Common Bus System using Multiplexer (4-bit, 8-bit) 

The concept of working a common bus system using a multiplexer in 4 bits, 8 bits, or 16 bits is almost the same. This article will teach us about 4-bit and 8-bit register architecture, but most registers are 16-bit in computer architecture. 

Generally, computers use many registers for different purposes. We need to transfer the data and instructions between these registers. So, To transfer the data between the registers, the common bus system is used. For this purpose, we connect all registers with a common BUS through Multiplexer.

 4-bit register in the Common Bus System 

 4-bit Register in the Common Bus System 

The 4-bit register means that the size of the register is 4-bit. These 4-bit registers use four multiplexers because the number of bits in the register always equals the number of multiplexers. This mechanism is also known as a “4×1” multiplexer. The 4×1 Multiplexer means four inputs to each Multiplexer from four registers and one output to the common bus.

As in the above diagram, four registers and four multiplexers, each register of 4 bits, numbering from 0 to 3. There are two select lines, S0 and S1. 

How Registers and multiplexers are connected?

The bits of Register A are (A3, A2, A1, A0). Register B is (B3, B2, B1, and B0).  Register C is (C3, C2, C1, and C0). And Register D is (D3, D2, D1, and D0).

And the first Multiplexer is (D0, C0, B0, and A0). The second Multiplexer is (D1, C1, B1, and A1). The third Multiplexer is (D3, C3, B3, and A3). The fourth Multiplexer is (D4, C4, B4, and A4).

If we connect the first Multiplexer with registers, then fetch all zero bits from all registers and connect them to the first Multiplexer. In some way, if we want to connect the second Multiplexer with registers, then fetch all bits from position 1 of all registers, connect them to the 2nd Multiplexer, and so on for other registers and multiplexer connections.

How are the bits transferred from the Multiplexer to the common bus?

We assign values to the select lines connected to each Multiplexer. So, the value of the select line activates the relevant bit of each Multiplexer and transfers it to the common bus. Here’s a table that shows all combinations of select lines (S1S0).

00 Register A
01 Register B
10 Register C
11 Register D

 When S1S0=00, then Register “A” is activated. The select lines are linked to each Multiplexer, activating the zero (0) bit in every Multiplexer, as each zero bit is connected to register A. So, one output from each Multiplexer will be sent to the common bus, as shown in the following diagram.

Common Bus System using multiplexers (4 bit register) Example

Output “A3” from Multiplexer 3,  Output  “A2” from Multiplexer 2, Output  “A1” from Multiplexer 1, and Output  “A0” from Multiplexer 0 arrive at common bus from 4 multiplexers which are the values of register A. Register A’s data is now loaded onto a common bus, accessible to any other register in the system or any other part, such as the ALU, memory, etc.
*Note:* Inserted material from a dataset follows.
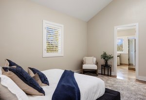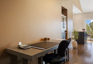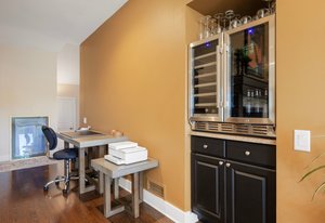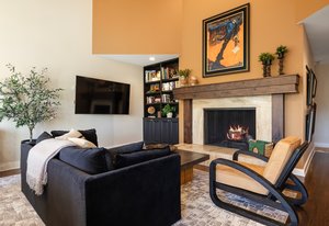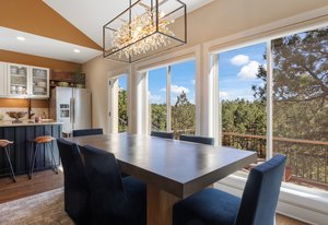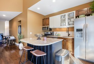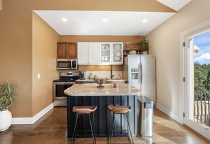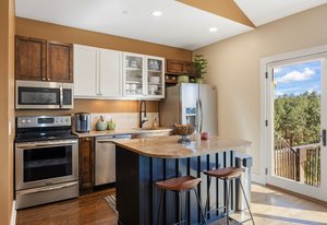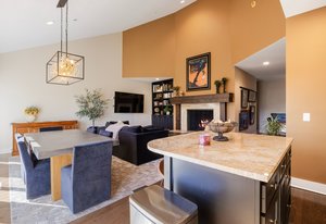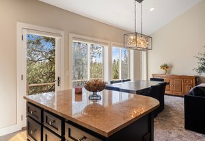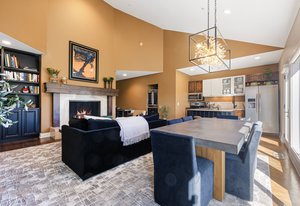 Inside, an open layout with vaulted ceilings and southwest-facing windows fills the space with warm, natural light. Fine details — hardwood floors, a built-in wine fridge, and a marble wood-burning fireplace — add a touch of sophistication. The kitchen features granite countertops, a center island, and newer stainless appliances.
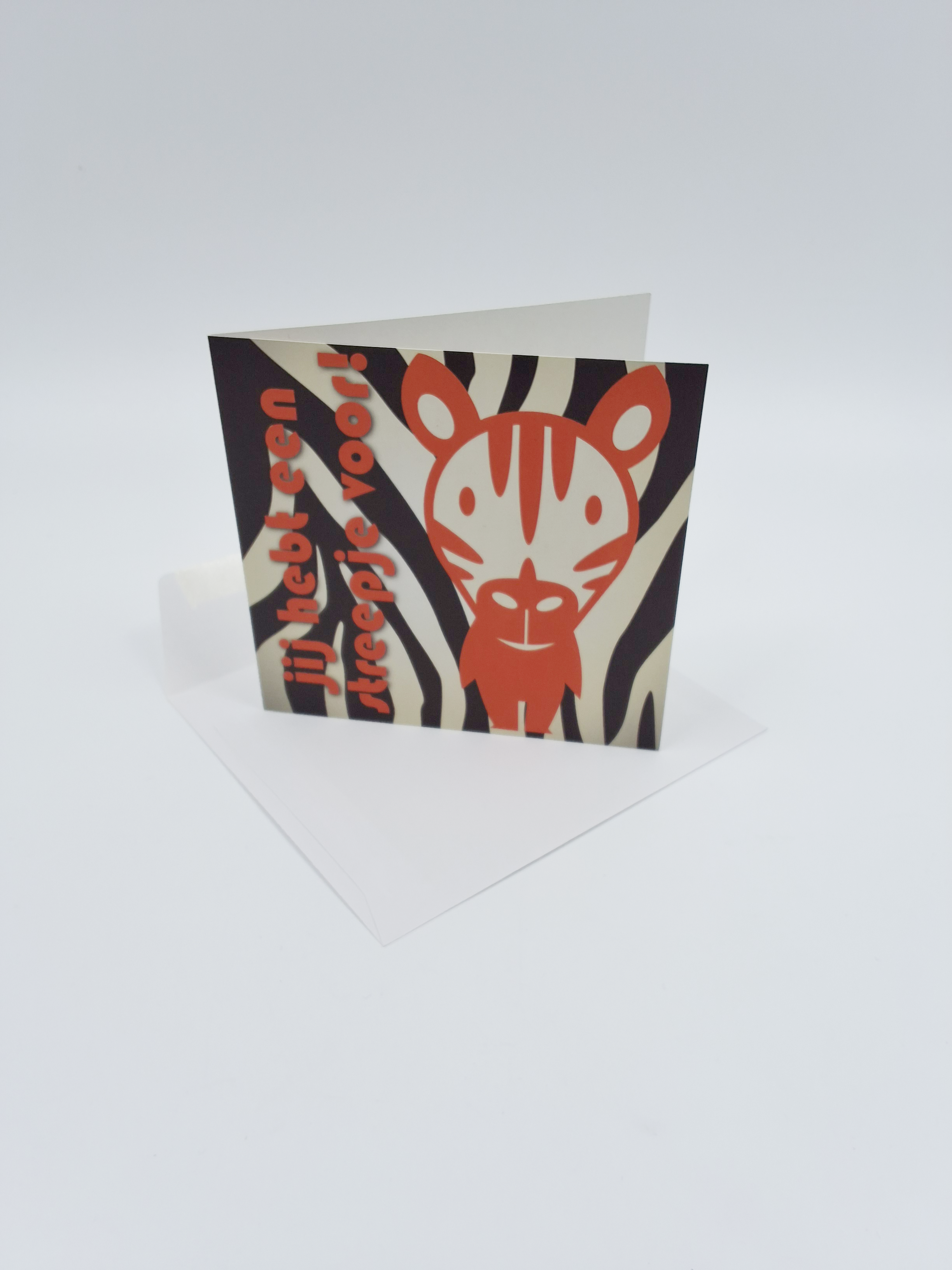 Vierkante wenskaart "Jij hebt een streepje voor!"

The same process applies to the remaining registers.

Look at another example: when S1S0=11, register D is selected, and it can transfer data to the common bus. When you set S1S0 to 11, the common bus receives the third data input from all the multiplexers. As we know, 11 in a binary number system equals 3 in decimal.

As the 3rd data input of all the multiplexers receives the inputs from register D, register D gets selected, just like the same case with other registers.

Number of multiplexers needed = number of bits in each register
Number of inputs in each multiplexer needed = Total number of registers.

Explanation of 8×1 Multiplexer

If the register size is 8 Bits and there are four registers, then a connection to the common bus is shown in the following diagram.

Common Bus System using multiplexers (8 bit register)

As there are four registers, the number of inputs to each Multiplexer is four, and the total number of bits in each register is 8. So, the total Multiplexer will be 8. As there are four registers, two select lines (two bits) are enough to represent these four registers.

8×1 Multiplexer with Example

Assume that setting S1S0 to 11 activates Register D. The following diagram illustrates one output from each multiplexer of Register D to the common bus.

Common Bus System using multiplexers (8 bit register) Example

Question: How do registers communicate with each other through a common bus?

Answer: We connect all registers with a common bus through the multiplexers.

Note: If a common bus has eight registers of 16 bits, it requires 16 multiplexers. Each multiplexer will contain eight data input lines and three selection lines (S2, S1, and S0).